Cardiovascular Benefits Of Meditation

As the leading cause of death, nearly every family has been affected by heart disease, whether through losing a loved one or their illness.

Many advances have been made in cardiovascular medicine, yet the search continues for safer, more effective, and less expensive preventions and treatments.

Psychological Interventions For Heart Health

One intriguing approach explores the influence of psychological factors on blood pressure, cardiovascular health, and disease progression.

People who report higher levels of intense negative moods, such as anxiety, depression, and hostility, have a greater risk of elevated blood pressure and coronary heart disease.

Meditation may be a possible method for reducing the harmful effects of psychological stress.

Mindfulness-based stress reduction (MBSR) is a secular, eight-week meditation course specifically targeting the reduction of stress, depression, and pain, using techniques backed by scientific evidence.

Cardiac patients are typically recommended exercise-based rehabilitation programs, but these interventions tend to have low compliance and retention rates, even if they may be beneficial. MBSR may be an alternative way to help cardiac patients improve their condition that could be much easier to start and continue.

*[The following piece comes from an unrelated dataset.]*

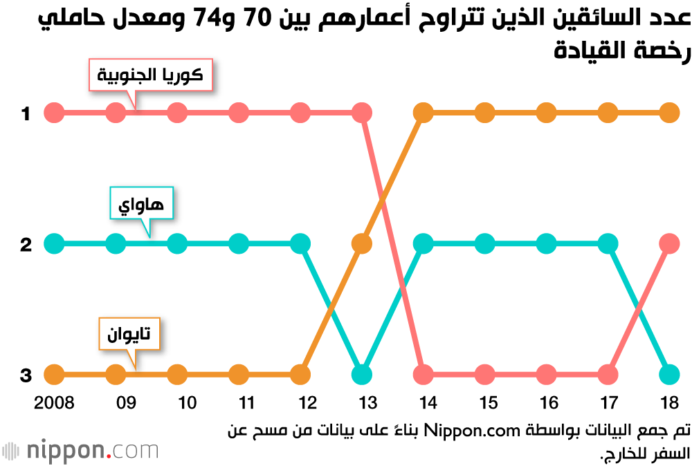 تم جمع البيانات بواسطة Nippon.com بناءً على بيانات مسح السفر للخارج 2019 يتم تمييز الوجهات في آسيا وأوقيانوسيا باللون الأصفر.

Mindfulness meditation can also teach people to cope with stress and cravings more healthily. MBSR is an incredibly useful tool for liberating a person from substance and behavioral addictions, such as smoking and unhealthy diets. These lifestyle changes should significantly lower the risk of suffering chronic diseases.

Body Scan Meditation

In the first week of the MBSR course, participants learn a technique called “body scanning.” This method systematically and intentionally tunes you into your current physical sensations by slowly moving your attention up and down your body.

Try it now.

  1. Bring your awareness down to your left big toe.
  2. Expand that point of focus to cover your whole left foot. Isn’t it interesting that we can narrow, spread, and move our attention this way?
  3. Guide this spotlight of awareness up to your ankle. Slowly continue up your calf to your knee. After resting there for a moment, continue through your thigh to your hip.
  4. Reverse these steps down your right leg, slowly down to your right toes.
  5. Back to your hips, ascend your focus up and around your torso, to your chest, to your shoulders.
  6. Similar to your legs, move your attention down your left arm to your fingertips, then back up to your shoulder, across to the other, and gently down and up your right arm.
  7. Now up your neck, to your ears, to your jaw, to your lips, nose, eyes, forehead, all the way to the top of your head.
  8. Reverse all these steps all the way back down to your toes as slowly as you can concentrate.
  9. Repeat as often as possible.

Try it again in different settings, different moods, different postures. Try it while watching tv, cleaning the dishes, or stuck in traffic.

With this simple practice, you have taken a small step towards better health and wellness. Each and every moment is an opportunity to enrich your life.